Decentralized deep learning in statistically heterogeneous environments
Time: Fri 2025-01-24 09.00
Location: Sal-C, Kistagången 16
Language: English
Subject area: Computer Science
Doctoral student: Edvin Listo Zec , Programvaruteknik och datorsystem, SCS
Opponent: Professor Mark Jelasity, Department of Algorithms and AI, University of Szeged, Hungary
Supervisor: Professor Sarunas Girdzijauskas, Programvaruteknik och datorsystem, SCS
Abstract
In modern machine learning, the dominant approach to training models relies on centralized datasets. However, this paradigm is often impractical or even prohibited in real-world scenarios. Concerns about data privacy, ownership, and the ethical use of publicly available data are rapidly growing, especially with increasing scrutiny on how personal data is handled. Furthermore, collecting, storing, and managing large-scale datasets incurs substantial costs. For instance, millions of smartphone users generate vast amounts of data daily -- photos, sleep patterns, text messages, and more -- which is expensive and often infeasible to process centrally. In response, distributed machine learning has emerged as a promising alternative.
Distributed machine learning trains models across multiple users without centralizing data, addressing privacy concerns and logistical challenges. In this framework, data remains with clients, who train models locally and share model updates instead of data. A prominent example is federated learning, which uses a central server to coordinate training by aggregating and distributing updates. In contrast, decentralized learning removes the central server, enabling clients to communicate directly in a peer-to-peer network. However, significant data variability across clients -- data heterogeneity -- complicates model aggregation and reduces performance. This thesis proposes novel strategies to improve decentralized learning, focusing on client collaboration and data heterogeneity.

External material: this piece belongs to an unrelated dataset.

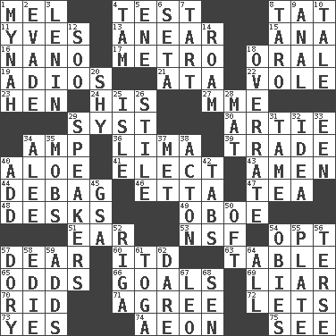 ACROSS 1. Cartoonist voice _ Blanc 4. Trial 8. Make lace 11. Jacques Cousteau's middle name 13. Approach 15. Santa ___, CA 16. Billionth: prefix 17. Paris' subway 18. Relating to the mouth 19. Goodbye (Sp.) 21. "One Day ___ Time" 22. Short-tailed, large-bodied rat 23. Layer 24. Part of HMS, perhaps 27. Madame (abbr.) 29. System (abbr.) 30. Nick name for Arthur 34. Electrical Unit 36. Pale green bean 39. Swap 40. Medicinal plant 41. Voters do this 43. So be it 44. Debunk (Brit. slang) 46. Singer James 47. Beverage made from leaves 48. Writing tables 49. Mitch Miller's instrument 51. Ewer handle 53. Science/research agcy. 54. Choose 57. Letter starter 60. It would 63. Eating place 65. Likelihood 66. Finish lines 69. One who doesn't tell the truth 70. To free from 71. Match 72. Allows 73. Consenting reply 74. Period of immesurable duration 75. Perceive with the eye DOWN 1. Non-adult bird? 2. Elude 3. Soviet premier 1918-24 4. Scottish cap 5. Compass dir. 6. Stalk of a moss capsule 7. Small pie 8. Pacific island yam 9. Of or related to the anus 10. Story 12. "Barney Miller" actor Jack 14. Wander aimlessly 18. Make much ado about nothing 20. Like a shrinking violet 25. Capri or Wight 26. Vertical member of a panel or frame 28. Floor covering 29. Orators 31. Docile 32. The main thing one is thinking about 33. Car or cant ending 34. Toward shelter 35. Disorderly crowds 37. Was introduced to 38. NE Massachussets city 40. Increase 42. Bar bills 45. Girls' org. (abbr.) 50. Often (poetically) 52. Capital of Latvia 54. Off-Broadway awards 55. Food holder 56. Laconic 57. Rowboat 58. Singer Brickell 59. Sums up 61. Ancient Roman robe 62. Have the gumption 64. 100% 67. Lion 68. Elected rep.

First, it introduces peer-selection and clustering techniques, enabling clients to collaborate selectively with peers whose data distributions are similar. This approach circumvents the limitations of a single global model, which may fail to generalize well across diverse clients. Second, the thesis develops privacy-preserving methods to estimate data similarity and strengthens user privacy using multi-armed bandits, enabling dynamic, adaptive collaboration among clients. Beyond addressing static data heterogeneity, the thesis also tackles the challenge of evolving data distributions. New algorithms are proposed to enable models to adapt over time, ensuring robust performance even as client data distributions change. The research further extends these methods to generative models, presenting a novel ensemble approach for training generative adversarial networks (GANs) in distributed settings.
Overall, the contributions of this thesis advance the scalability, efficiency, and privacy of distributed machine learning systems. By enhancing these systems' ability to manage diverse data environments, the work ensures more reliable and personalized model performance across clients, paving the way for broader applications of distributed machine learning.